François Villeroy de Galhau : Yes, I was raised in Paris, but my parents now live in Saarland, not far from the French border. I go there nearly every month. We are probably the only French family that has been living in Germany for two centuries. I speak German and love Germany. Germany had two hyperinflations episodes, we did not have the same in France and our memory of deflation is probably stronger. So I have full respect for German history and we should take it into account. But if we look at Europe at the moment, the danger we face is without any doubt deflation not inflation.
You fear deflation? If you take the falling oil price out of inflation, inflation is at 1 per cent, far from negative.

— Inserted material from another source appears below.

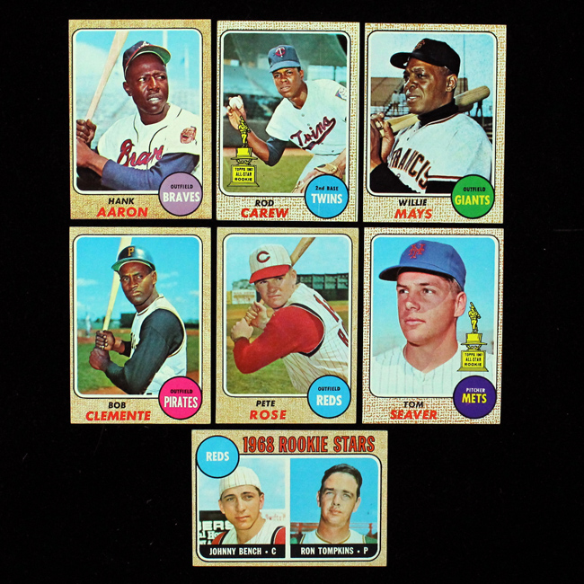 Description:1968 Topps Baseball partial set of (432) cards (EX-EX/MT overall). Key cards include: #s 45 Seaver (EX/MT-NM), 50 Mays (EX (OC)), 80 Carew (EX miscut), 110 Aaron (EX/MT (OC)), 150 Clemente (EX (OC)), 230 Rose (EX), and 247 Bench (VG). Set grades EX-EX/MT overall with a few lesser or better grade.

You are right: Oil price and raw material price are the driving factors for low inflation. But inflation without energy and raw material prices is still at 1 per cent far below our common target of close to two per cent. Furthermore, after a while the low oil price also affects other prices. It makes some goods cheaper and there could be slower wage increases. If that happens, you cannot simply forget about the oil price.
What will the ECB do?
As you know we are forecasting inflation and growth each quarter. We will see the next figures at the beginning of March – and then we will see whether to act. Temporary falling oil price alone are not a sufficient reason. But if the low energy prices have sustainable long-term effects, we have to act. That seems to be the case, but we will see in March.

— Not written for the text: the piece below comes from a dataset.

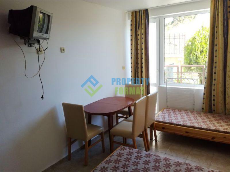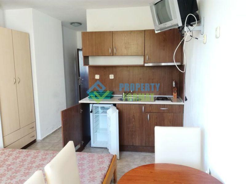 Продаваемая квартира имеет гостиную с двумя кроватями и кухонным уголком, санузел с ванной и туалетом, небольшую террасу с видом на зелень. Студия меблирована и с необходимой техникой.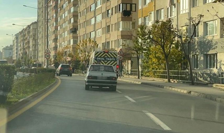 Araç, trafikte seyrederken bir okul servisini sıkıştırma anı da amatör kamera ile kaydedildi. Bu durum, olayın ne denli tehlikeli hale geldiğini gözler önüne serdi.

Will the ECB buy even more government bonds than the 60 billion a month it is buying now?
It is one possibility, among others; we are ready to act, but we will have to see the economic data first.
Germans are worried about the billions that central banks spend on government debt.

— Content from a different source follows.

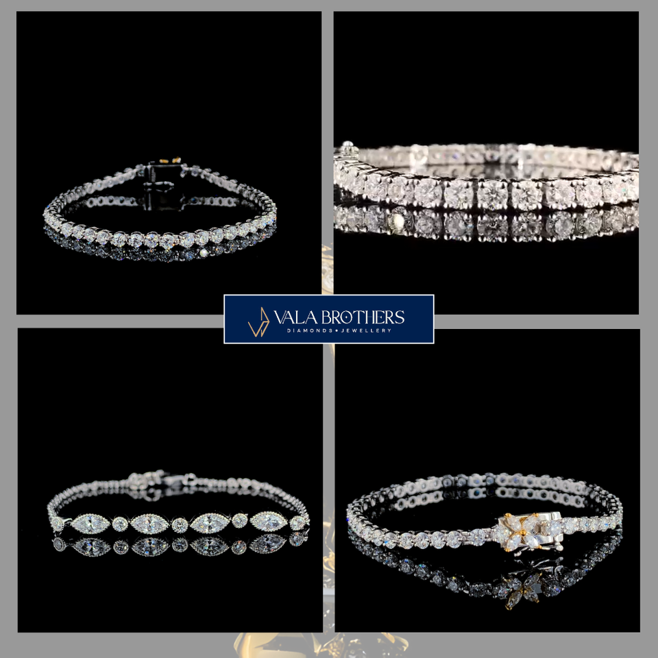 เพชรเลี้ยงในห้องปฏิบัติการ 2.05 กะรัต สี E ความสะอาด VS1 รูปทรงลูกแพร์ สร้อยข้อมือแบบเทนนิส เงินแท้ 925 ชุบทอง แบรนด์ Vala Brothers สำหรับผู้หญิง

We have to explain why the central banks are buying government bonds in large amounts –economists call that quantitative easing (QE) – to increase liquidity and reduce financing costs for the whole economy. We do it because that is useful and not dangerous, as we look closely at financial stability. You should look at other central banks worldwide. All of them –Japan, US, UK – they all bought government bonds before the ECB. This is important because some people in Germany view QE as some European French-Italian phantasy. It is not.
The Chinese central bank did not start such a programme.
They are obviously in a different situation. But all advanced economies bought large amounts of government bonds. They did it because we are facing low growth, low inflation, low interest rates. In such a situation it is appropriate to do such a programme. Some even criticise the ECB that it acted too late.
You think so too?
No, I do not share that criticism. The ECB started to act against the crisis with credit easing. We made it easier for banks to lend money to the private sector. This was different from the other central banks that bought government bonds right from the start. But it can be explained by the structure of the financial system. In Europe the private sector is financed mainly through banks, which is different from the United States for example, where companies often finance themselves through the market. So the Eurosystem went first through the banks – and only second through the market with QE.
It is dangerous for a central bank, if it indirectly finances the state. The state could become addicted to the money.
We are only buying on the secondary market, not directly from the treasury. And Governors – beginning with myself – strongly advocate sound public finance. So, QE is fully consistent with the Treaty – all governors agree on that – and with our mandate. We have a mandate of price stability. It has been defined as an inflation rate of close to but below 2 per cent, as the Bundesbank did it before. If we are in a situation where inflation is significantly too low and there are efficient tools to change that, it is our duty to use them.
You could change the target. A lot of people would say: 1 per cent inflation is enough.
No, we cannot do that. If you miss your target and then change it instead – you would lose your credibility completely.
Are you not afraid that you cannot get out of that programme – like the Bank of Japan?
The US Federal Reserve managed successfully to stop its net purchases of government bonds since 2014.
There is one thing that Germans and French both do not like about the ECB policy. It pushes down the interest rate and savers do not know where to put their money anymore.
For French savers too the yield on life insurance and the interest rates on the famous Livret A decreases. That is never considered as good news. In this respect all savers worldwide are the same. But let me stress one point. Inflation is also very low. That means that your nominal yield does not have to be as high as during high inflation. Most savers are still earning in real terms fortunately.
The QE programme started one year ago. Today inflation is still low. Has the ECB failed?
That is clearly not the case. Take the three years 2015 to 2017. Our common estimates show an increase of 1 per cent of inflation during this period, due to QE. If we had not acted, inflation would have been 1 per cent lower. We have been efficient within our mandate, according to our duty.